2

I'm using Clang in a code editor extension to implement folding/collapsing and I've run into an issue.

I'm parsing only a single file at a time, as opposed to the entire translation unit. This is partly for speed and simplicity, but also because you can open a header file by itself and not know which cpp to parse anyway.

The issue is that as soon as clang encounters an unknown symbol it just gives up and entire chunks of the file are missing from the AST. Consider the following snippet

void Foo1()
{
    while (PeekMessageA())
    {
        switch (0)
        {
        }
    }
}

The AST for this is just

|-FunctionDecl 0x1fde8f67240 <Folding Test.cpp:1:1, line:9:1> line:1:6 Foo1 'void ()'
| `-CompoundStmt 0x1fde8f673f8 <line:2:1, line:9:1>

There's no information for the while block or the switch block. Obviously It's impossible for clang to know whether PeekMessageA is a function call or object construction, etc and I'm fine with that. I don't need it to be perfect, but I do want to be able to get to the while and switch blocks.

Is there a way to get clang to provide more information in the face in this case? I'm using LibClang currently, but open to using LibTooling as well.

Adam
  • 1,122
  • 9
  • 21
  • That code doesn't compile with clang++. So please change the code that it can be used with clang++ to verify your problem. Edit: To state that clear if I adjust your code I have a while statement. – user6556709 Apr 28 '19 at 08:11
  • 1
    C++ code can only be parsed as a whole translation unit. – user7860670 Apr 28 '19 at 08:26
  • A single file can be parsed in isolation. It can't be parsed into a correct program, but it can obviously be parsed. Try opening a random header file in VS and you'll have code folding/outlining available. – Adam Apr 28 '19 at 08:39
  • @Adam clang++ complains about the missing declaration of PeekMessageA. If I add a dummy declaration "bool PeekMessageA();" I get -FunctionDecl 0x2601780 line:3:6 Foo1 'void ()' `-CompoundStmt 0x26019a0 `-WhileStmt 0x2601980 [some calls and even the dummy switch-statement]. So please write the complete code which produces the AST you showed. – user6556709 Apr 28 '19 at 08:45
  • @Adam VS doesn't parse the file for folding, it just identifies braces and other "block markers". – molbdnilo Apr 28 '19 at 08:45
  • Getting ok-ish folding / outlining is possible even without properly parsing. And it is pretty far from building AST. – user7860670 Apr 28 '19 at 08:45
  • 1
    Possible duplicate of [Clang for fuzzy parsing C++](https://stackoverflow.com/questions/11133557/clang-for-fuzzy-parsing-c) – Mike Apr 28 '19 at 09:02
  • Responses here indicate Clang is not very good at parsing chunks of C++ code. For an alternative that is, see https://stackoverflow.com/a/17393852/120163 – Ira Baxter May 15 '20 at 14:05
  • I ended up analyzing tokens to do folding instead of the AST. Simpler, more reliable, and trivial with clang. – Adam May 16 '20 at 17:22

1 Answers1

1

That's a complex problem for which there is no perfect solution, but for your needs which seems limited you could find a solution. The problem arise because C++ has some semantic ambiguities, on the contrary to other languages which have at most syntactic ambiguities (like C#), therefore clang may not be able to produce a complete AST when a file does not compile.
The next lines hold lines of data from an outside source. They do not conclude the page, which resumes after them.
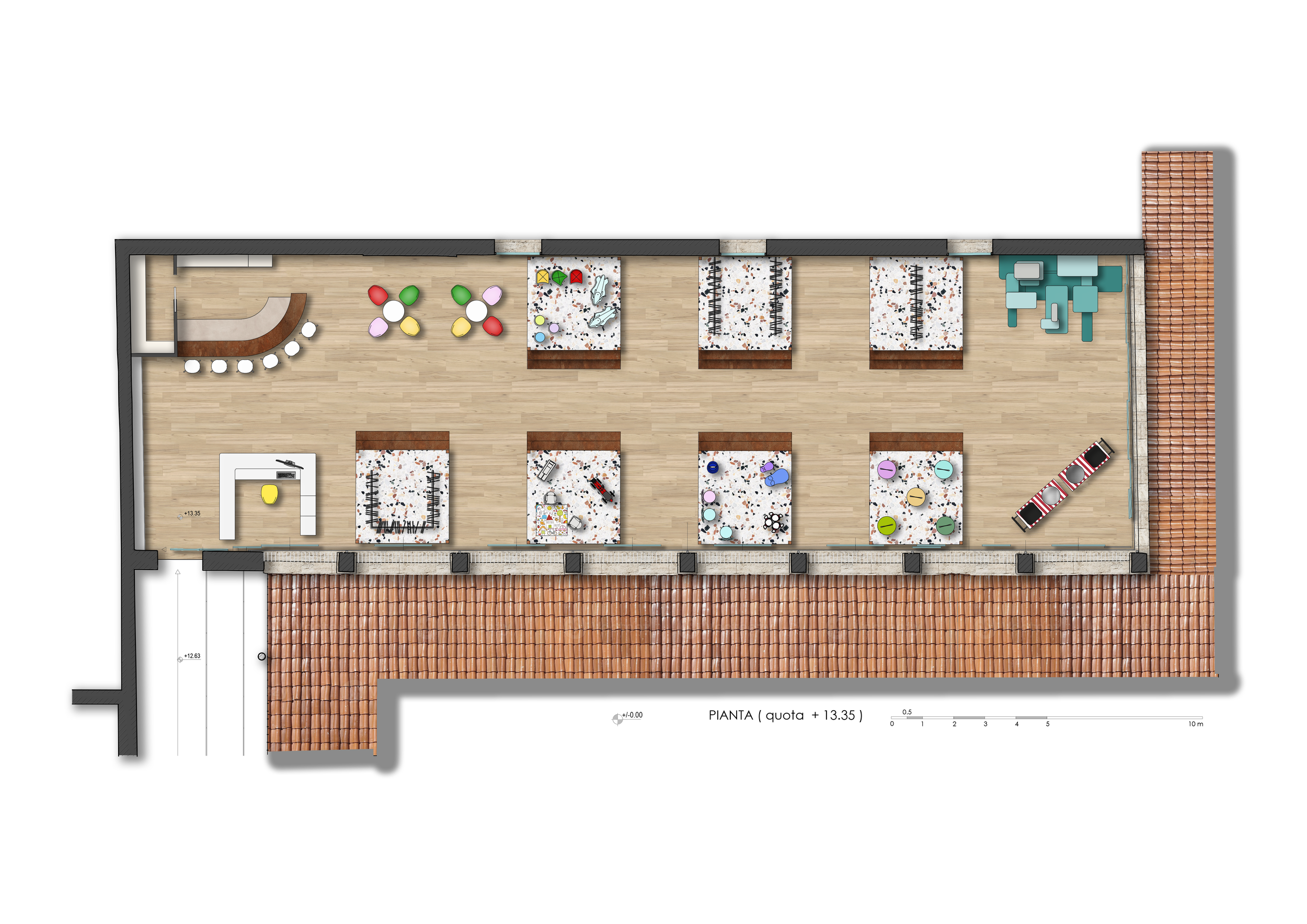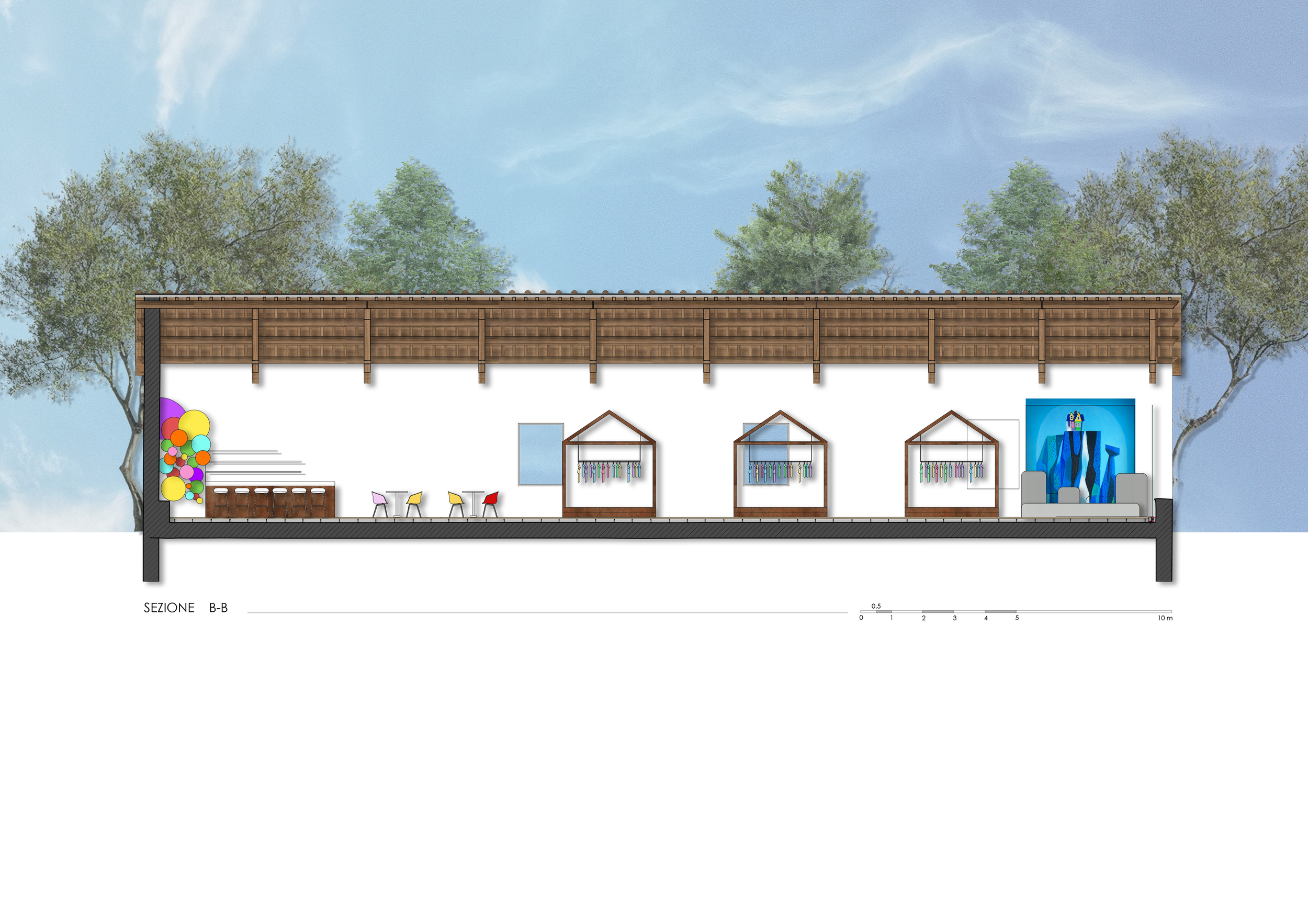 Designed by Filippo Brunelleschi in 1419, the Verone is a place rich in history and charm: originally used as the laundry of the orphanage, it now serves as a perfect meeting point between Renaissance culture and modernity. The project’s main inspiration comes from the iconic animated film UP, beloved by children and adults alike. This cinematic masterpiece delicately addresses profound and universal themes: love for nature, the process of mourning, the importance of intergenerational relationships, the joy of exploring the world, and the idea that it is never too late to achieve your dreams. These values, intrinsically tied to the sensitivity of childhood, guided every design choice.
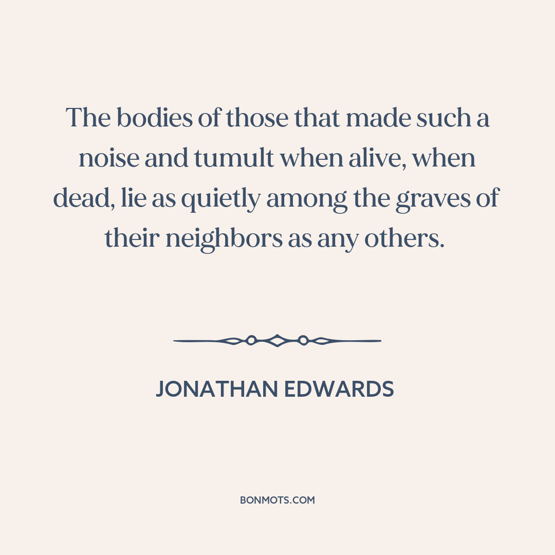 The bodies of those that made such a noise and tumult when alive, when dead, lie as quietly among the graves of their neighbors as any others.
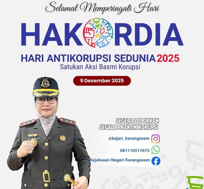 Kepala Kejaksaan Negeri Karangasem, Shinta Ayu Dewi RR, S.H., M.H., beserta seluruh jajaran mengucapkan selamat Hari Antikorupsi Sedunia (Hakordia) tahun 2025. Momentum ini menjadi pengingat untuk terus memperkuat komitmen penegakan hukum yang profesional, berintegritas, dan antikorupsi dalam mewujudkan tata kelola pemerintahan yang bersih, efektif, dan berkelanjutan.
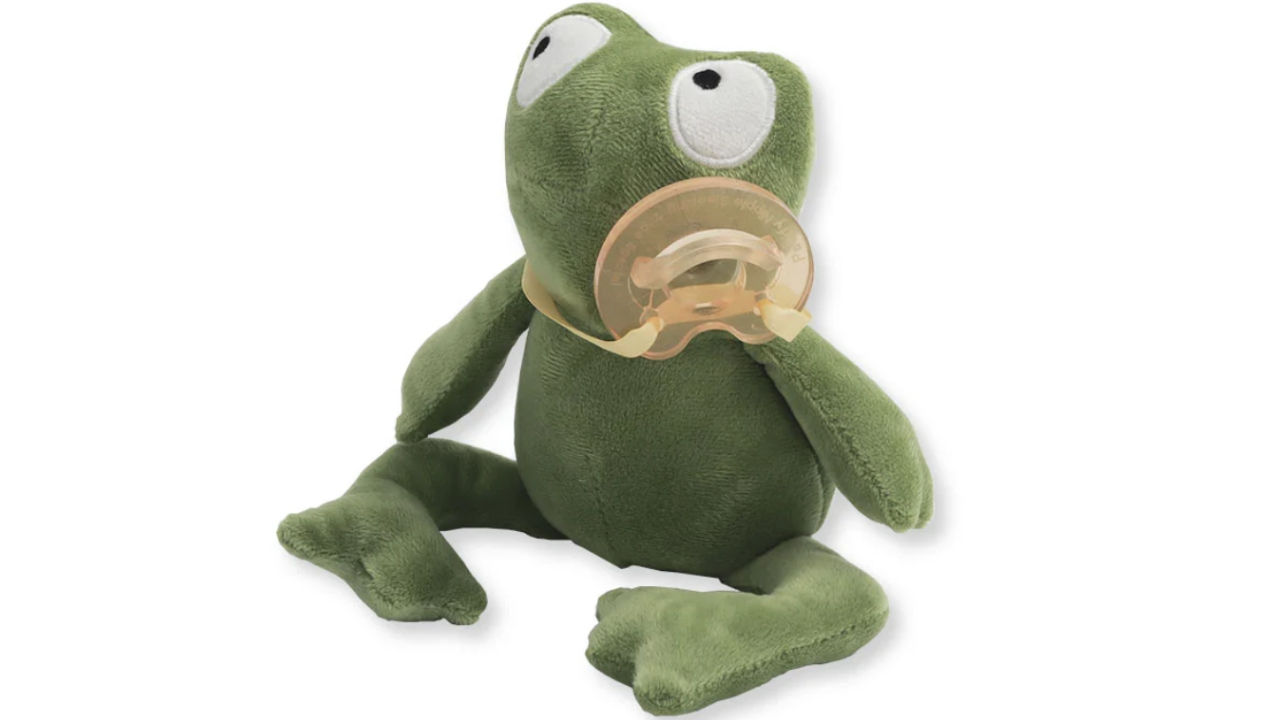 Broasca este proiectată cu o față prietenoasă, zâmbitoare și are în gură suzeta sa caracteristică.
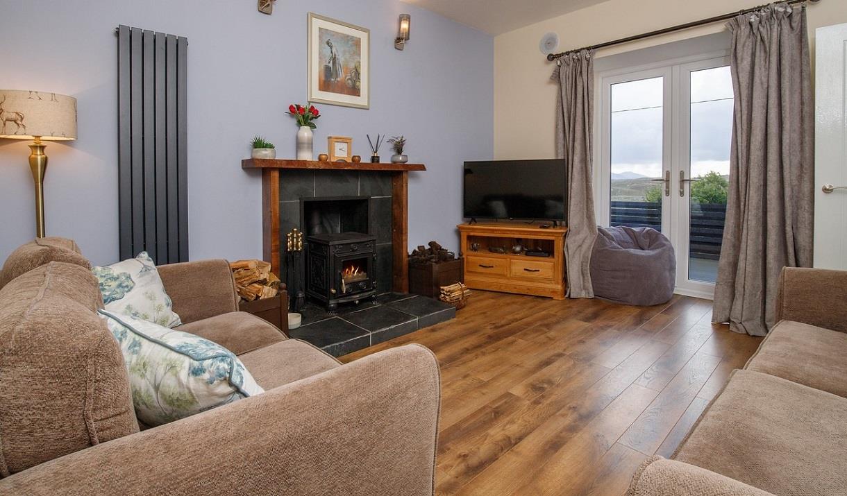 Double and twin bedrooms are located upstairs along with a small seating area for some quiet reading or just sitting back and relaxing. Both the lounge and dining room have patio doors leading to the fenced garden. There are two decked areas with patio furniture to allow ‘al fresco’ dining and behold the stunning sunsets and the elusive ‘merry dancers’ (aurora borealis).
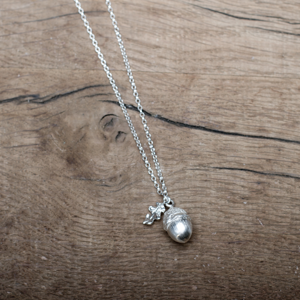 Cloversoul young english acorn with leaf is beautifully textured. Attached to a belcher chain with T-bar fastening.
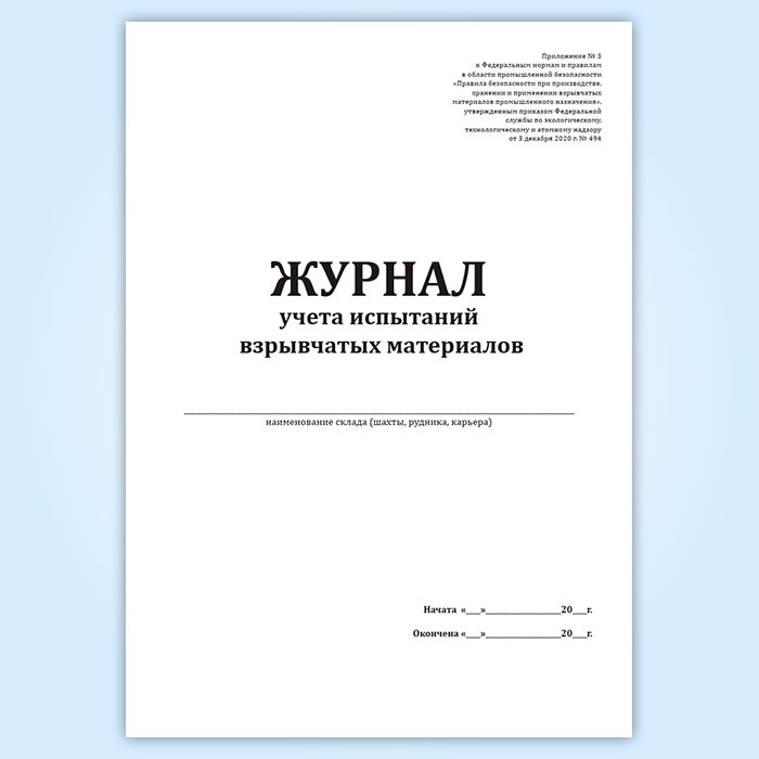 Журнал учета испытаний взрывчатых материалов в Рошале купить
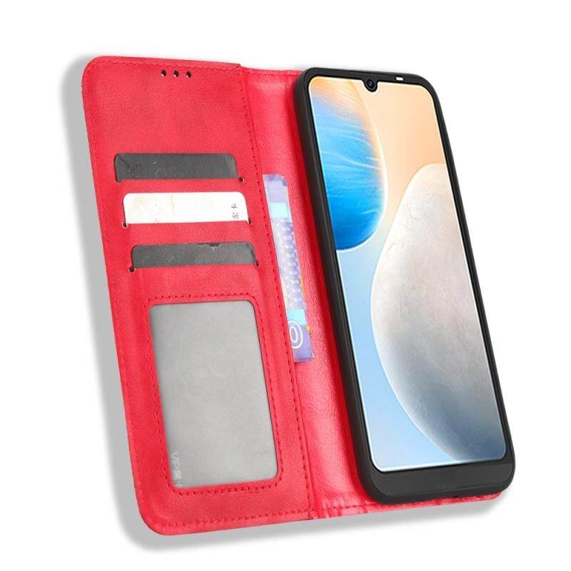 Για Tecno Pop 6 BE7 Μαγνητική πόρπη ρετρό υφή δερμάτινη θήκη τηλεφώνου (Κόκκινο)
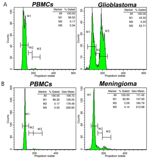 Alexiou GA et al. described the tumor index (TI) as an important parameter investigated through the DNA histogram that correlates with the proportion of cells in the S and G2/M phases and the degree of tumor malignancy [,,]. The TI is calculated as the cumulative percentage of cells in the S and G2/M phases, corresponding to the proliferating cancer cells. In addition, the quantification of an additional index, the DNA index (DI), may indicate the presence of aneuploidy, providing information on the ploidy of cancer and whether an abnormal number of chromosomes are present in cancer cells. The DI is used to assess the DNA ploidy of a tumor sample by comparing the DNA content of the G0/G1 cell population of presumed tumor cells with that of normal (control) cells. Toward this end, the peak value of the integrated fluorescence of the G0/G1 population of normal cells is considered to be DI = 1.0 (diploid cells). DNA ploidy of tumor cells is expressed as a ratio of the peak value of fluorescence intensity of these cells divided by that of the normal G0/G1 cells. Most frequently, normal lymphocytes/monocytes, including peripheral blood mononuclear cells (PBMCs) from the same patient, can be used as the external standard control of DI = 1.0.
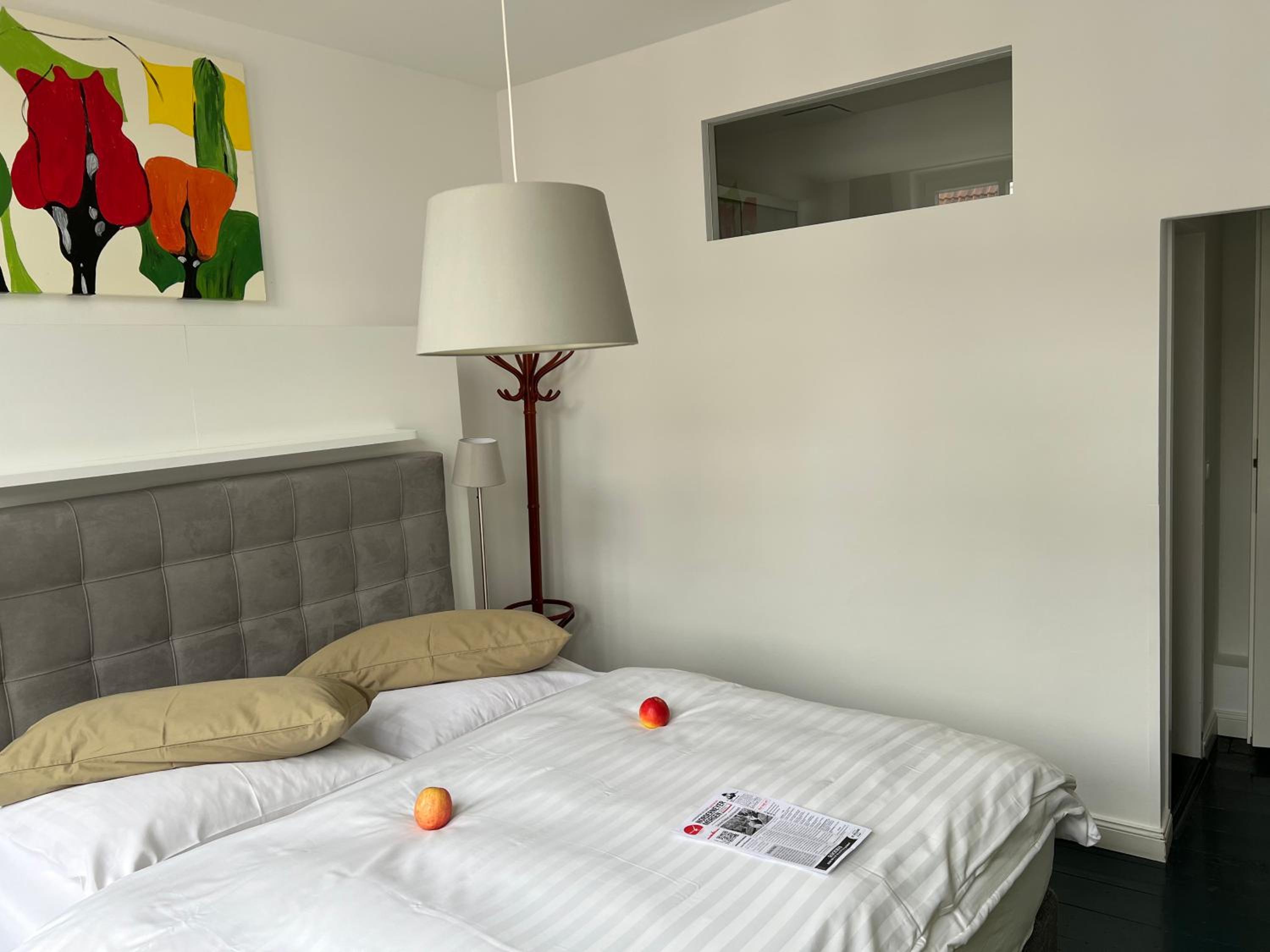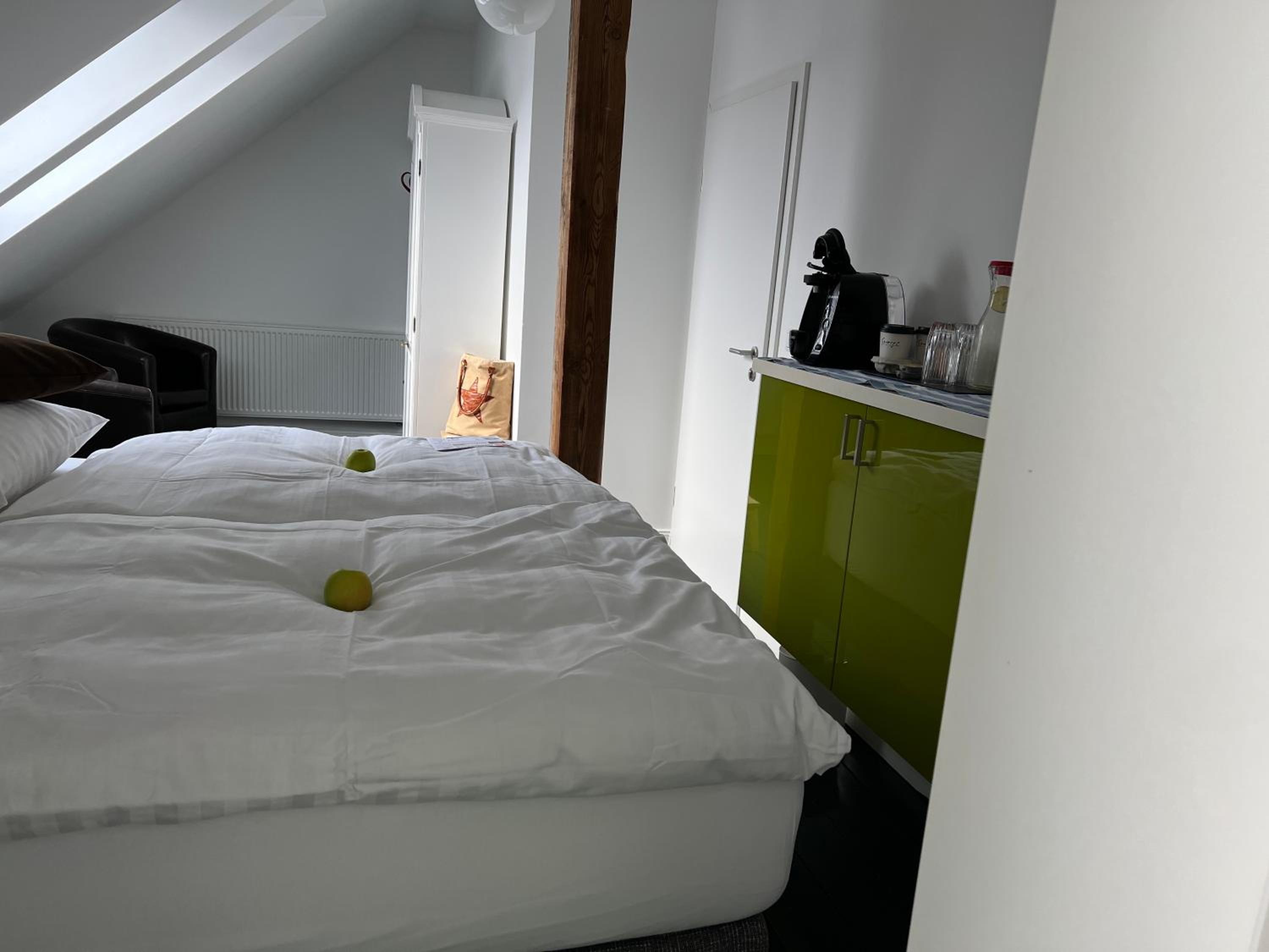 Sehr hilfreiches Personal, sehr nett. Moderne Einrichtung mit älteren Möbeln geschmackvoll gemischt. Gutes Bett, neues Bad. Hervorragendes Frühstück, außer für Veganer.
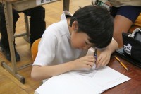 3・4年生は算数で「わたり授業」を行いました。「わたり授業」とは、教室の前後に黒板を用意し、2つの学年が背中合わせになる形で座席を配置して、それぞれ違う内容の授業を進めていくことです。3年生も4年生も、今日の目標を意識しながら活動を進めました。
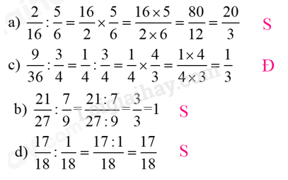 Kiểm tra lại cách chia hai phân số rồi xét tính đúng sai từng câu.
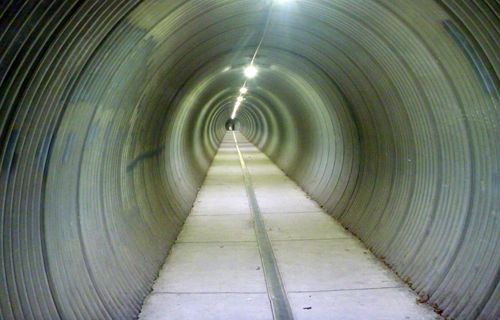 Tunnel entrance. Built in A-Frame shape to withstand avalanches.
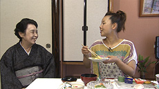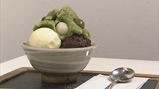続いて人気の老舗甘味処へ。もともと、絵葉書を作る店だったと聞きビックリ! 創業当時から変わらず人気の宇治金時の味に感激の二人。

This happen at least because of the ambiguity between expressions and declarations. A C++ parser may have to do some symbol resolution to discriminate between these two syntax. When that resolution fails, for example when a symbol fails to be resolved neither as a type nor as a variable, clang throws away entire parts of the AST because it is simply not able to build it.

I did have the same problem years ago and if I remember well when an error happened in an if condition the entire if statement was thrown away. Therefore in that case if you want to keep the if statement you have to hack into clang parser and create error nodes in place of the condition expression. The same problem occur in all other statements containing an expression or declaration.

Hope this helps.

Dan Grahn
  • 9,044
  • 4
  • 37
  • 74
P. PICARD
  • 386
  • 1
  • 10